To install XLoader for development, activate your CKAN virtualenv and
in the directory up from your local ckan repo::

    git clone https://github.com/ckan/ckanext-xloader.git
    cd ckanext-xloader
    python setup.py develop
    pip install -r requirements.txt
    pip install -r dev-requirements.txt


-------------------------
Upgrading from DataPusher
-------------------------

To upgrade from DataPusher to XLoader:

1. Install XLoader as above, including running the xloader worker.

2. (Optional) For existing datasets that have been datapushed to datastore, freeze the column types (in the data dictionaries), so that XLoader doesn't change them back to string on next xload::

       ckan -c /etc/ckan/default/ckan.ini migrate_types

3. If you've not already, change the enabled plugin in your config - on the
   ``ckan.plugins`` line replace ``datapusher`` with ``xloader``.

4. (Optional) If you wish, you can disable the direct loading and continue to
   just use tabulator - for more about this see the docs on config option:
   ``ckanext.xloader.use_type_guessing``

5. Stop the datapusher worker::

       sudo a2dissite datapusher

6. Restart CKAN::

       sudo service apache2 reload
       sudo service nginx reload

----------------------
Command-line interface
----------------------

You can submit single or multiple resources to be xloaded using the
command-line interface.

e.g. ::

    [2.9] ckan -c /etc/ckan/default/ckan.ini xloader submit <dataset-name>
    [pre-2.9] paster --plugin=ckanext-xloader xloader submit <dataset-name> -c /etc/ckan/default/ckan.ini

For debugging you can try xloading it synchronously (which does the load
directly, rather than asking the worker to do it) with the ``-s`` option::

    [2.9] ckan -c /etc/ckan/default/ckan.ini xloader submit <dataset-name> -s
    [pre-2.9] paster --plugin=ckanext-xloader xloader submit <dataset-name> -s -c /etc/ckan/default/ckan.ini

See the status of jobs::

    [2.9] ckan -c /etc/ckan/default/ckan.ini xloader status
    [pre-2.9] paster --plugin=ckanext-xloader xloader status -c /etc/ckan/default/development.ini

Submit all datasets' resources to the DataStore::

    [2.9] ckan -c /etc/ckan/default/ckan.ini xloader submit all
    [pre-2.9] paster --plugin=ckanext-xloader xloader submit all -c /etc/ckan/default/ckan.ini

Re-submit all the resources already in the DataStore (Ignores any resources
that have not been stored in DataStore e.g. because they are not tabular)::

    [2.9] ckan -c /etc/ckan/default/ckan.ini xloader submit all-existing
    [pre-2.9] paster --plugin=ckanext-xloader xloader submit all-existing -c /etc/ckan/default/ckan.ini

**Full list of XLoader CLI commands**::

    [2.9] ckan -c /etc/ckan/default/ckan.ini xloader --help
    [pre-2.9] paster --plugin=ckanext-xloader xloader --help

Jobs and workers
----------------

Main docs for managing jobs: <https://docs.ckan.org/en/latest/maintaining/background-tasks.html#managing-background-jobs>

Main docs for running and managing workers are here: https://docs.ckan.org/en/latest/maintaining/background-tasks.html#running-background-jobs

Useful commands:

Clear (delete) all outstanding jobs::

    CKAN 2.9, Python 3 ckan -c /etc/ckan/default/ckan.ini jobs clear [QUEUES]
    CKAN <2.9, Python 2 paster --plugin=ckanext-xloader xloader jobs clear [QUEUES] -c /etc/ckan/default/development.ini

If having trouble with the worker process, restarting it can help::

    sudo supervisorctl restart ckan-worker:*

---------------
Troubleshooting
---------------

**KeyError: "Action 'datastore_search' not found"**

You need to enable the `datastore` plugin in your CKAN config.
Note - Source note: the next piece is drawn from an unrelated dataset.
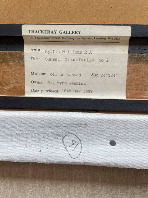 ‡ SIR KYFFIN WILLIAMS RA oil on canvas - entitled verso 'Sunset, Dinas Dinlle, No.2' on Thackeray Gallery label, 60 x 60cmsProvenance: private collection CardiffComments: original frame, ready to hang

See
'Installation' section above to do this and restart the worker.

**ProgrammingError: (ProgrammingError) relation "_table_metadata" does not
exist**

Your DataStore permissions have not been set-up - see:
<https://docs.ckan.org/en/latest/maintaining/datastore.html#set-permissions>

**When editing a package, all its existing resources get re-loaded by xloader**

This behavior was documented in
`Issue 75 <https://github.com/ckan/ckanext-xloader/issues/75>`_ and is related
to a bug in CKAN that is fixed in versions 2.6.9, 2.7.7, 2.8.4
and 2.9.0+.

-----------------
Running the Tests
-----------------

The first time, your test datastore database needs the trigger applied::

    sudo -u postgres psql datastore_test -f full_text_function.sql

To run the tests, do::

    nosetests --nologcapture --with-pylons=test.ini

To run the tests and produce a coverage report, first make sure you have
coverage installed in your virtualenv (``pip install coverage``) then run::

    nosetests --nologcapture --with-pylons=test.ini --with-coverage --cover-package=ckanext.xloader --cover-inclusive --cover-erase --cover-tests

----------------------------------
Releasing a New Version of XLoader
----------------------------------

XLoader is available on PyPI as https://pypi.org/project/ckanext-xloader.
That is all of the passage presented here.